Ontario WSIB More Aggressive on Return-to-Work Issues
By Greg McGinnis
Once upon a time, if an employer was outside the NEER window and was finding it difficult to reintegrate a worker who had a workplace injury, it was relatively straightforward to arrange to have the worker go into the WSIB’s “Labour Market Re-entry” program. For the employer, this often effectively solved the problem of trying to “accommodate” the worker’s restrictions, usually at little or no cost to the employer. However, LMR was an enormously expensive program for the WSIB.
The WSIB is now in serious financial difficulty. The 2009 Report of the Auditor General of Ontario makes for some difficult reading:
The WSIB’s funding ratio represents the percentage of assets it has available to meet its financial obligations. As of December 31, 2008, its funding ratio was 53.5%—significantly lower than any of the four large provincial boards with which we compared Ontario (British Columbia, Alberta, Manitoba, and Quebec), which averaged 102%. In each of these four provinces, legislative and policy differences are key factors that contribute to their higher funding ratios. A Board’s funding ratio is largely determined by the size of its unfunded liability, which is the amount by which the Board’s financial obligations exceed its assets. As of December 31, 2008, the WSIB’s unfunded liability was $11.5 billion—an increase of $3.4 billion from December 31, 2007. One factor that had a significant negative impact on the unfunded liability in 2008 was the global economic downturn. However, there are also a number of other systemic issues that have affected the size of the unfunded liability.
The WSIB advised us that its 2008–12 strategic plan,The Road to Zero, contains a number of initiatives that target and support the financial sustainability of the system. … However, despite these initiatives, the WSIB advised us that, because of the significant financial losses resulting from the global financial market downturn, its target of full funding by 2014, which was originally established in 1984, will not be achieved. The WSIB has not set a new target date.

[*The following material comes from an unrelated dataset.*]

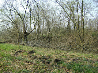 The entire property is divided into sections on a map. There is a written management plan for each section. We have until the second week of May to get as many sections done as possible. Once the does start having fawns, all the work on the property is done for the year. Having the fawns born and raised on the property without any human distractions is pretty important to keeping that deer on your property forever. Justin and some of our part time help have been performing the selective tree cutting and hinging, brush pile making, and various other labor for the last week. They finished 5 sections and hope to get a couple more done by the cutoff date.

On the basis of February 2009 projected estimates, the unfunded liability may not be eliminated until 2022—eight years past the 2014 date targeted by the WSIB and successive governments since 1984.
So … perhaps tightening belts make for more aggressive measures. An obvious area for reducing cost would be ensuring that workers remain at the “accident employer” rather than on the WSIB’s benefit rolls, especially in circumstances where the WSIB cannot recover any of the outlay.
What employers are seeing on the ground is an assertion from the WSIB that they have human rights obligations toward injured workers (which is of course true), and demanding written explanations for why employers are unable to find suitable work. For technical reasons, outside the two-year re-employment window it is arguable that the WSIB has no jurisdiction to deal with “accommodation” issues, but adjudicators are hinting that a “non-cooperation” penalty might result from a refusal to accommodate.
Employers are also seeing the WSIB cobble together jobs that they will say are suitable and available, and it is then up to the employer to explain why that isn’t the case.
The bottom line is that we can expect to see the WSIB taking a much more pronounced interest, and taking a much heavier hand with employers, in returning employees to work rather than putting them through a retraining program.